What is required: Extract the line that contains "diğer özellikleri öğrenebilirsiniz." and every line after it through the end of the records below, exactly as written, leaving out any pictures.

Recorded data:

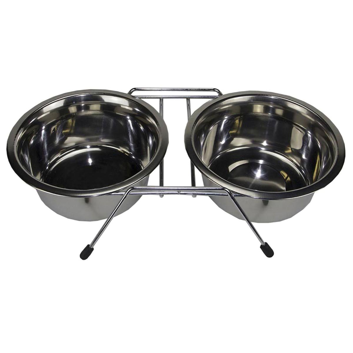 Конструкция подставки с мисками не дает корму высыпаться на пол. Ножки подставки снабжены резиновыми наконечниками, которые препятствуют скольжению. Посуда из нержавеющей стали абсолютно безопасна для здоровья.
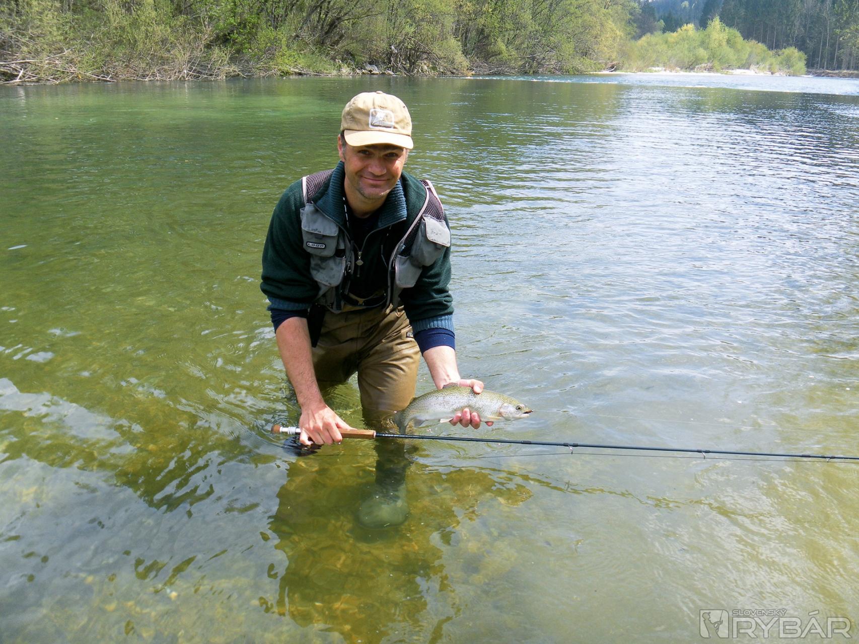 Postupujeme ďalej po prúde až k spomínanej hlbočine, kde sa Sáva mierne zatáča a hlbočina pokračuje ľavou stranou brehu. Na tomto mieste máme najviac záberov od krásnych dúhakov, ktoré sú napriek studenej vode neskutočne bojovné. Mnohokrát šnúra mizne a z navijaka sa odtáča oranžový backing. Krásne výskoky dúhakov, ktorým sa darí pretrhnúť aj 0,25 mm fluorokarbón.
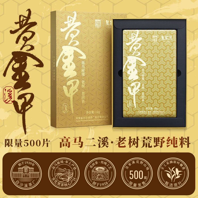 白沙溪湖南安化黑茶正品皇家溪高马产区黄金甲花砖茶1kg荒山茶叶
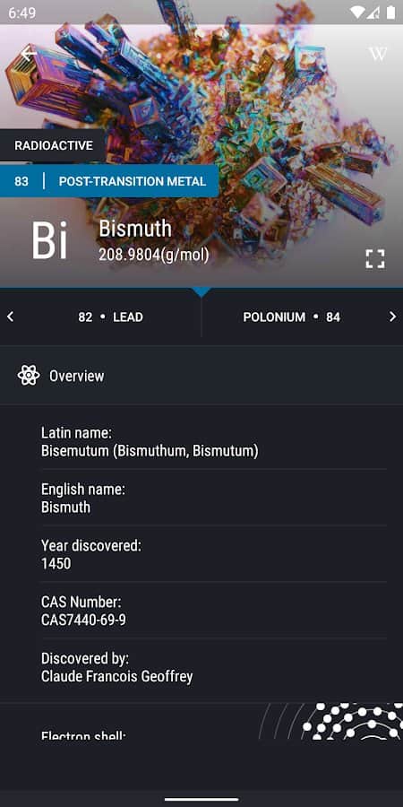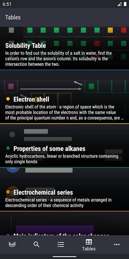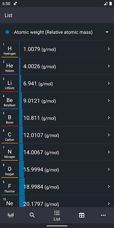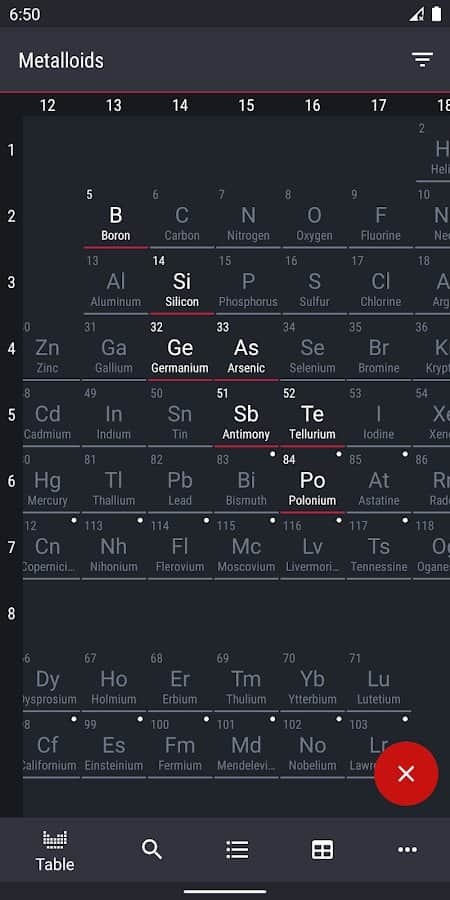 "Mendeleyev Tablosu 2020 - Kimya" uygulamasıyla, kimyasal elementlerin büyüleyici dünyasına dalacak ve onların benzersiz özellikleri ve kimyasal reaksiyonlara katılımları hakkında birçok yeni bilgi edineceksiniz. Program, hem profesyonel kimyagerler hem de yeni başlayanlar için uygundur. Size 8 farklı gruptan oluşan bir tablo sunulmaktadır. Metallerin özelliklerini (erime noktası, yoğunluk vb.) inceleyin. İhtiyacınız olan elementi hızlı bir şekilde bulabilir, Mendeleyev Tablosu'ndaki sembolünü ve adını gösterebilir, çözünürlük seviyesini ve diğer özellikleri öğrenebilirsiniz.
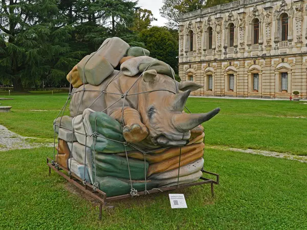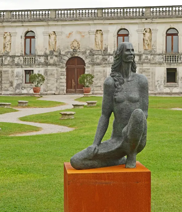 Aan de voorzijde van de villa staan verschillende kunstwerken van vooraanstaande kunstenaars zoals Stefano Bombardieri en Bruno Lucchi.’

Result:
 "Mendeleyev Tablosu 2020 - Kimya" uygulamasıyla, kimyasal elementlerin büyüleyici dünyasına dalacak ve onların benzersiz özellikleri ve kimyasal reaksiyonlara katılımları hakkında birçok yeni bilgi edineceksiniz. Program, hem profesyonel kimyagerler hem de yeni başlayanlar için uygundur. Size 8 farklı gruptan oluşan bir tablo sunulmaktadır. Metallerin özelliklerini (erime noktası, yoğunluk vb.) inceleyin. İhtiyacınız olan elementi hızlı bir şekilde bulabilir, Mendeleyev Tablosu'ndaki sembolünü ve adını gösterebilir, çözünürlük seviyesini ve diğer özellikleri öğrenebilirsiniz.
 Aan de voorzijde van de villa staan verschillende kunstwerken van vooraanstaande kunstenaars zoals Stefano Bombardieri en Bruno Lucchi.’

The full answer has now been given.